The Malaysian Nature Society was formed back in 1940 when a group of British nature enthusiasts decided to pool their field notes and research as a means of preserving their accounts for the Malaysians to come. They worked together to produce the first Malayan Nature Journal, which continues to be published quarterly to this day.
One of the most remarkable of the founding fathers was actually a woman, Gladys Le Mare, who was the journal’s original editor and brought her skills as a zoologist and her fascination with the natural world to her honorary position.
Gladys was born in the UK and, after earning a first class degree from Oxford University in Zoology, spent many years teaching in South Africa before moving to Singapore to join her husband Deryck, then Assistant Director of Fisheries for the Strait’s Settlement.
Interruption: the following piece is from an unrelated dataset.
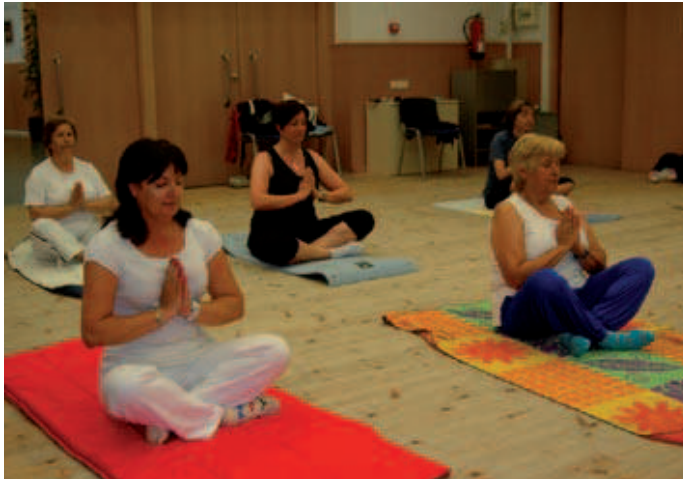
Les activitats d'ioga es fan a una de les sales del pavelló Miquel Poblet tots els dimarts i dijous per la tarda

El gruix dels cursos començarà el 17 de setembre i s'allargarà fins al juny i juliol de 2013. Els preus oscil·len entre els 45 i els 95 euros trimestrals, amb descomptes especials per a residents al municipi que siguin majors de 65 anys, facin el pagament anual o formin part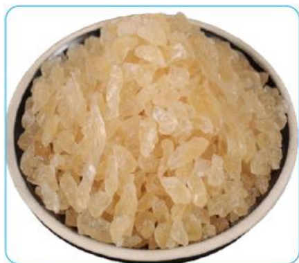
6.6 Đường phèn

+ Giáo viên yêu cầu học sinh tìm hiểu thông tin, quan sát tranh và trao đổi với bạn bên cạnh :

Gladys made a dramatic exit from Singapore as the Japanese moved in during the Second World War, miraculously making it to Scotland in one piece after a three month trip from Singapore. Her husband survived internment in a Japanese Prisoner of War camp and the couple returned to Malaya in 1947 once the war was over, before returning to the UK for good in 1957. Gladys died, aged 55, in 1967, but her legacy remains and the Malaysian Nature Society lives on to continue her work of preserving, celebrating, and recording the natural splendour of Malaysia.
Pick A Park
The Malaysian Nature Society has various parks and nature centres in the country for visitors to get close to nature and support the Society’s superb projects. Here are some you can head to:
Kuala Selangor Nature Park (KSNP)
The MNS stepped in to prevent this park being turned into a golf course in 1987 and it is now an oasis of flora and fauna as well as being home to the endangered Silvered Leaf Monkey. Located 20km from KL, the park has a visitor’s centre, accommodation, and various walking trails.
Nature Education Centre
Situated within the Forest Research Institute of Malaysia (FRIM), the NEC is popular with groups of children and adults for nature walks, bird watching, and the canopy walk. There is accommodation available and various packages for staying overnight.
Rimba Ilmi Botanic Gardens
Also known as The Forest of Knowledge, Rimba Ilmi is located within the University of Malaya and is 80 hectares of lush tropical jungle and home to more than 1,600 species of plants. Nature appreciation programmes are often run for groups and the gardens have facilities including a Conservatory of Rare Plants and Orchids.
Dark Cave Conservation Site
This is one of the main caves at the Batu Caves site and has been fascinating scientists since it was discovered in 1878. It consists of 2km of surveyed passages with seven major sections and boasts some amazing cave formations.
BOH-MNS Field Study Centre
First established in 1989, this Field Study Centre is located in the Cameron Highlands on a former BOH plantation and is a popular place for people to stay and enjoy the surrounding countryside.